- Cover to Rex Libris #1. Art by James Turner

Publication information
- Publisher: Slave Labor Graphics
- Schedule: Quarterly
- Format: Standard
- Publication date: Aug. 2005 - Oct. 2008
- No. of issues: 13
- Main character: Rex Libris

Creative team
- Created by: James Turner
- Written by: James Turner
- Artist: James Turner

= Rex Libris =

Rex Libris is a science fiction / humor comic book series written and illustrated by James Turner. It was published quarterly from 2005 to 2008 by Slave Labor Graphics.

==Publication history==
Thirteen issues were published from August 2005 to October 2008.
- Rex Libris #1 (August 2005): "I, Librarian"
- Rex Libris #2 (November 2005): "Labyrinth of Literature"
- Rex Libris #3 (February 2006): "Leap of Faith"
- Rex Libris #4 (May 2006): "Battle on Benzine!"
- Rex Libris #5 (August 2006): "Tea with Vaglox"
- Rex Libris #6 (November 2006): "Book of Monsters"
- Rex Libris #7 (February 2007): "Monster Merry-go-Round!"
- Rex Libris #8 (May 2007): "Escape From the Book of Monsters"
- Rex Libris #9 (August 2007): "In the Grip of OGPU!"
- Rex Libris #10 (January 2008): "A Cock and Bull Story"
- Rex Libris #11 (April 2008): "R'lyeh Rising"
- Rex Libris #12 (August 2008): "Space Balls... of Evil!"
- Rex Libris #13 (October 2008): "Convergence of Chaos"

A trade paperback, Rex Libris: I, Librarian (ISBN 9781593620622), was published in 2007, collecting the first five issues of the series along with an unpublished short story, “Rex versus the Red Baron!”. A second trade paperback, Rex Libris: Book of Monsters (ISBN 978-1-59362-153-7), was published in 2009 and collects the final eight issues of the series.

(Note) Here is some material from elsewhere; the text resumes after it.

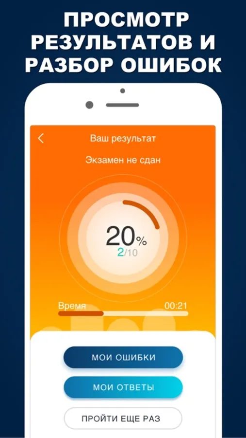 ► Работа над ошибками - тестирование по всем вопросам, в которых были допущены ошибки.

In 2022, The Big Book of Rex Libris (ISBN 978-1-59362-315-9) was released as an omnibus edition collecting all stories from the original comic series. All three volumes were published by SLG Publishing.

==Series overview==
The series follows the adventures of Rex Libris, the Head Librarian at the Middleton Public Library. Unbeknownst to the general public, Rex is actually over a thousand years old, and was the original librarian at the Library of Alexandria. He is a member of the Ordo Biblioteca, a secret international society of librarians. With the aid of the ancient god Thoth, who lives beneath the Library, Rex travels to the farthest reaches of the universe to collect late book fees, and to fight the powers of ignorance and darkness.

==Film adaptation==
In April 2007, Warner Bros. announced that they had hired Mark Burton to write the script for a film adaptation of Rex Libris. The producer of the film is Mosaic Media. In 2012, Walden Media acquired the rights and hired Ben Zazove to write the script.